### Task brief:
Once you reach the line with "organik cair ini" in the material below, copy each line exactly up to and including the line with "Die TePe Implant/Orthodontic™", and skip the pictures.

·····

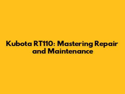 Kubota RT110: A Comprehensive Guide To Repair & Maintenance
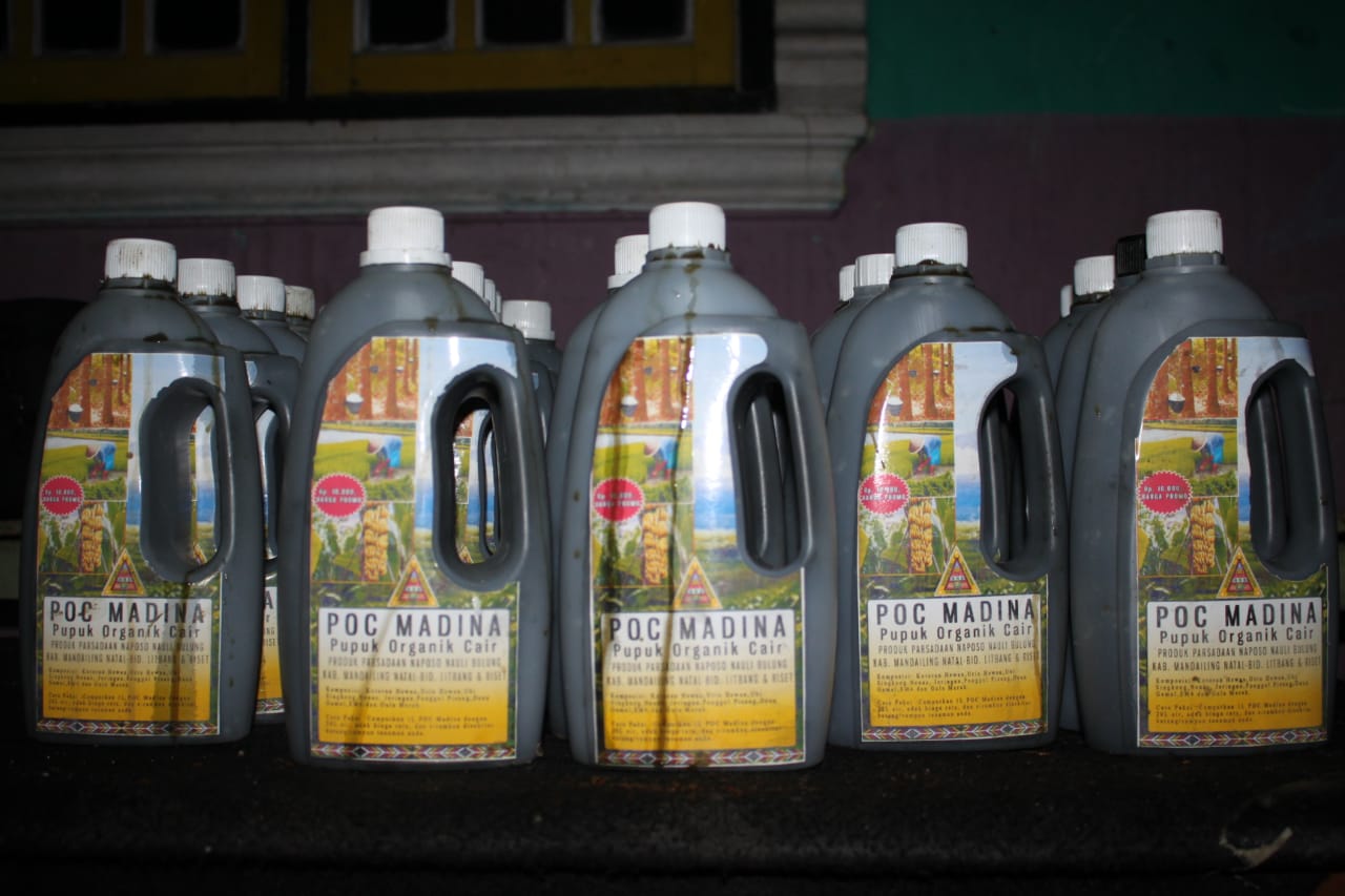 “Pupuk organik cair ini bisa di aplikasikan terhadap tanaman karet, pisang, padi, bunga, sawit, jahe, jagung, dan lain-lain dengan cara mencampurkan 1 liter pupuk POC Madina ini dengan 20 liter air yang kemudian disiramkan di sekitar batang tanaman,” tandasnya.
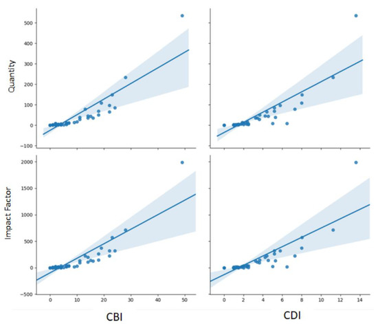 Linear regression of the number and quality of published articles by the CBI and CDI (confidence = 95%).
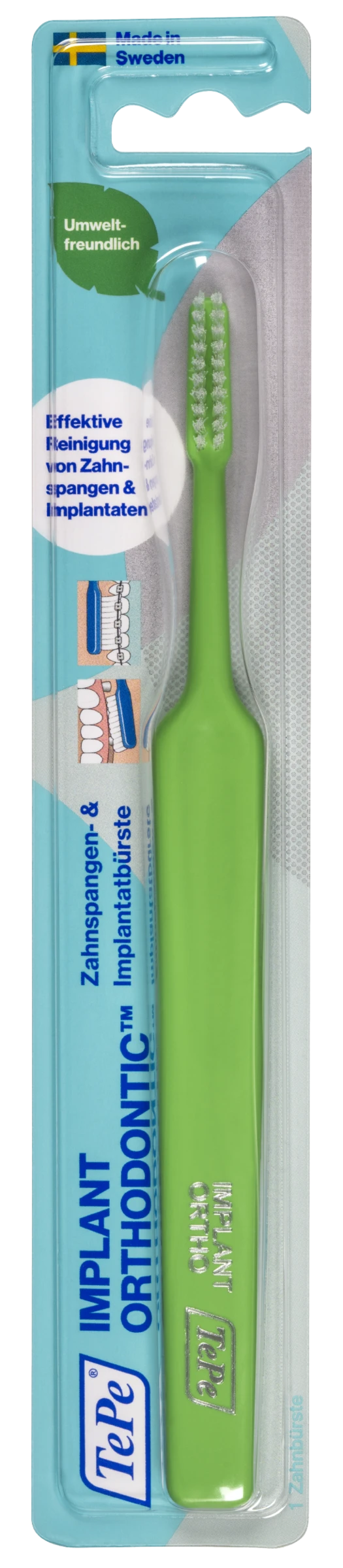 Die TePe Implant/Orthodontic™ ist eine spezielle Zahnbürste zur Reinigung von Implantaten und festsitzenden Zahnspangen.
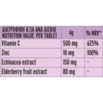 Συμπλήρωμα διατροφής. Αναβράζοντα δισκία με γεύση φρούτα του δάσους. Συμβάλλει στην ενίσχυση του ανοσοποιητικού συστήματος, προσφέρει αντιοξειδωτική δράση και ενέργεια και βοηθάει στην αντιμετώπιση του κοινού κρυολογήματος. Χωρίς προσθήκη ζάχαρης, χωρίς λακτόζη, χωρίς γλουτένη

·····

### Answer for this exercise:
 “Pupuk organik cair ini bisa di aplikasikan terhadap tanaman karet, pisang, padi, bunga, sawit, jahe, jagung, dan lain-lain dengan cara mencampurkan 1 liter pupuk POC Madina ini dengan 20 liter air yang kemudian disiramkan di sekitar batang tanaman,” tandasnya.
 Linear regression of the number and quality of published articles by the CBI and CDI (confidence = 95%).
 Die TePe Implant/Orthodontic™ ist eine spezielle Zahnbürste zur Reinigung von Implantaten und festsitzenden Zahnspangen.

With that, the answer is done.